IMG_20170225_170725 IMG_20170308_122701 IMG_20170308_111422

After running the cable, I used the punchdown tool to place the cable in the back of the patch port as well as at the other end in the keystone connector jack. There’s color coding in both to make it easy, but generally you should use Type B termination everywhere. With cables punched down, I tested the circuits with the cable tester to confirm termination, and confirmed I could grab an IP address from a router and did a bandwidth test.

IMG_20170226_134808 IMG_20170226_134812 IMG_20170913_103059 IMG_20170913_103243

Next came assembling the used rack found off the local classifieds, racking the gear, and making cable from the patch panel to the rack. Generally tried to keep things as tidy as possible for cabling.

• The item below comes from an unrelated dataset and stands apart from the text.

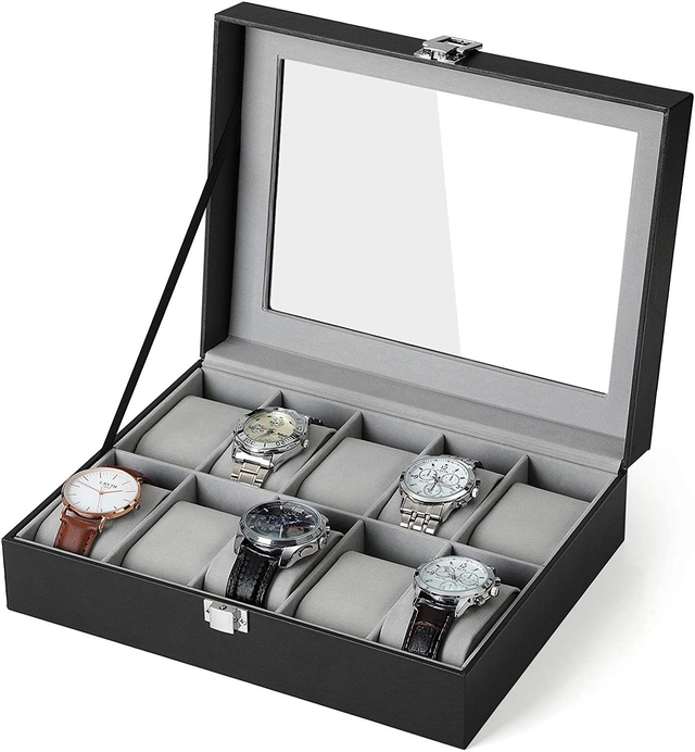 Förvaringsbox med plats för 10 stycken klockarmband klätt i PU-läder utanpå och foder i sammet. Stor glasruta för insyn av alla dina klockor men med en personlig touch.

  IMG_20170913_103219 IMG_20170913_103132IMG_20170913_103234

Overall, I spent a couple of weekends completing the project, and currently have 824 cable runs populated. This covers my office, living room, and bedroom. Next up is patching in the kitchen, and the ceiling for an AP mount. In the rack I have:

– 2 Dell PowerConnect switches (1x 48 port, 1x 24 port, just the 48 port shown.)

– HP Z800, 2x Intel Xeon X5570, 16 core , 96 GB RAM, 3x 256 GB SSD in RAID0, 2x 2TB HDD in RAID1.

– Triplite 1.5 KW UPS, and APC 1.0 KW UPS.

– Tower PC, 1x Intel i7-2600K, 8 core , 32 GB RAM, 1x 256 GB SSD, 4x 1TB HDD in RAID5.

– HP DL360 G7, 2x Intel Xeon E5640, 24 core, 144 GB RAM, 3x 500 GB SSD in RAID0.

The cable modem and Mikrotik CRS125-24G-1S-2HnD-IN router sit upstairs in my office as they’re silent, and are trunked into the ToR switch. My workstation in the office upstairs is a Tower PC, 1x Intel i7-5930K, 12 core, 64 GB RAM, 1x 256 GB SSD M.2 NVMe, 5x 500 GB SSD in RAID5 with a boat load of screen real estate. 🙂 . The rack gear is all KVM hypervisors hosting a handful of VMs for DNS cache, grafana, monitoring, and a whack of OpenStack reproducing environments from Juno to Ocata.